İnsanlık dışı bu muameleleri yapan, izin veren, göz yuman yetkililerin ise cezasız kalıyor olması bu muamelelerin önlenememesinin en önemli nedenidir. Bu tür ihlaller gündeme geldiğinde Adalet Bakanlığı olayları olduğundan daha küçük göstermeyi ve kendini savunmayı bir tarafa bırakıp insanlık dışı muameleye uğrayan çocukları ve haklarını savunmalıdır. Devlet olmanın gereği budur.
DERHAL YAPILMASI GEREKENLER!
Çocuk adalet sistemi içerisinde insan hakları bağlamında kabul edilemez deneyimleri olan çocuklar için;
-
Türkiye’de ceza infaz kurumlarında bulunan tüm çocuklar ikamet ettikleri il ve ailelerine yakın kurumlara yerleştirilmeli ve bu konu genel bir ilke olarak ele alınarak bu konuda bir mevzuat geliştirilmelidir.
-
başta Şakran Cezaevi ve Antalya L tipi olmak üzere çocukların bulunduğu tüm infaz kurumlarının ivedilikle, özgürlüklerinden yoksun bırakılmış çocukların nasıl bir muameleye tabi tutulduklarını değerlendirmek üzere bütüncül bir inceleme ve soruşturmaya tabi tutulmalıdır.
-
İncelemeler öncelikle TBMM tarafından oluşturulacak bir araştırma komisyonu ile hızla yapılmalıdır.
-
İnceleme, soruşturma ve ziyaretler Avrupa İşkencenin ve İnsanlık Dışı veya Onur Kırıcı Ceza veya Muamelenin Önlenmesi Komitesi (CPT) standartlarına uygun bir şekilde yapılmalıdır.
-
Düzenli incelemeler için sivil toplum örgütlerinden oluşan bağımsız izleme mekanizmaları kurulmalıdır.

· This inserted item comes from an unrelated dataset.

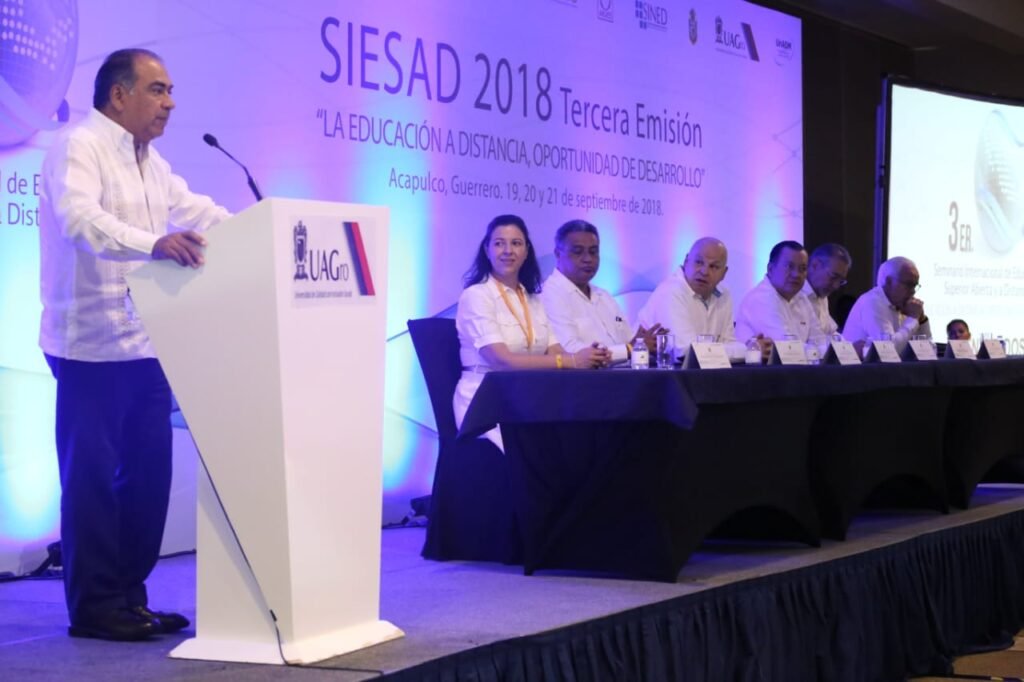 ACAPULCO.— Durante la inauguración del Tercer Seminario Internacional de Educación Superior Abierta y a Distancia (Siesad), el gobernador Héctor Astudillo Flores destacó la relevancia que retoma en los nuevos contextos, los modelos de educación virtual, lo que permite generar oportunidades de desarrollo, acercamiento hacia los diversos sectores, la promoción de la inclusión y el acercamiento de la educación a los distintos grupos poblacionales.
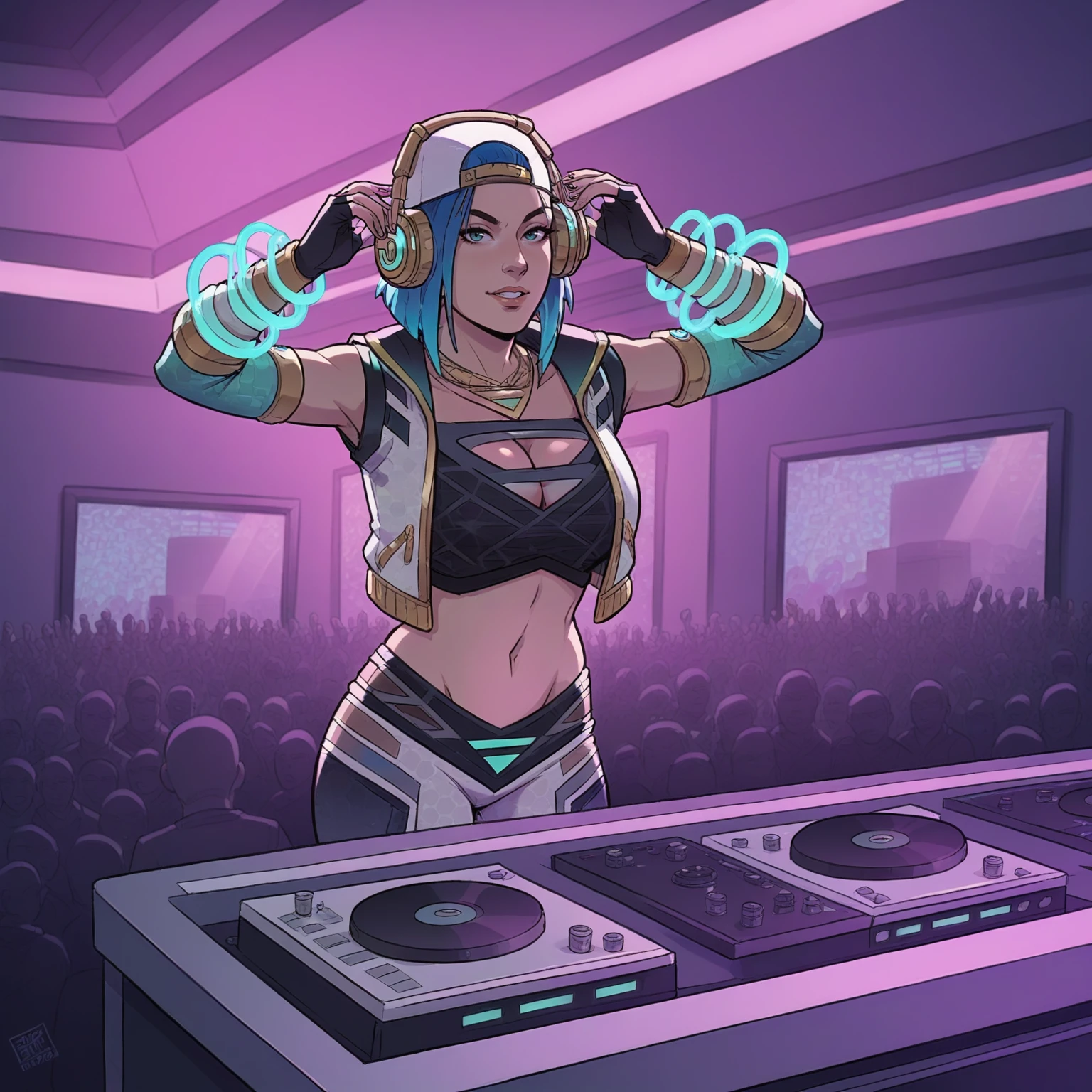 1girl, solo, large breasts, blue hair, medium hair, elbow gloves, midriff, fingerless gloves, necklace, bracelet, crop top, headphones, baseball cap, cropped vest, backwards hat,

Bu süreçte çocuklara özgü bir adalet sisteminin gerekliliği olarak aşağıdaki konuların özellikle ve önemle göz önünde tutulmasını talep ediyoruz:
-
Öncelikle çocukların “çocuk” olduğunun ve bu tür hak ihlallerinin çocukların yaşamında kalıcı ve telafisi çok zor izler bıraktığının unutulmaması,
-
Kapalı kurumlarda bulunan çocukların yaşadıkları il, etnik köken, siyasi olaylarla ilişkilendirme vb. nedenlerden dolayı hak ihlallerine açık hale geliyor olmalarının dikkate alınması,
-
Hak ihlallerinin incelenmesi, araştırılması ve cezalandırılması ile ilgili süreçte çocukların daha da örselenmesini ve etiketlenmesini önleyecek bir yaklaşım sergilenmesi,
-
Çocukların infaz kurumlarında karşılaşmış oldukları hak ihlallerinin önlenmesi, tespiti ve sorumluların cezasız kalmaması için etkin hak arama ve bağımsız izleme mekanizmalarının geliştirilmesi.
GÜNDEM ÇOCUK DERNEĞİ/ (27 Mayıs 2013)
Çocuk Hakları Merkezi
Gündem Çocuk Derneği, her çocuğun hak sahibi, eşit, özgür ve onurlu birer birey olarak, barış içerisinde, iyi ve mutlu bir yaşam sürmesi için çocukların yararına bütüncül bir dönüşümü ısrarla savunan bir sivil toplum örgütüdür. Çalışmalarını çocuk hakları alanında yaşanan sorunların temelindeki paradigmanın değişmesi, savunuculuk, ağ çalışmaları ve katılım programları altında, öncelikli çalışma arkadaşları olan çocuklarla birlikte sürdürür.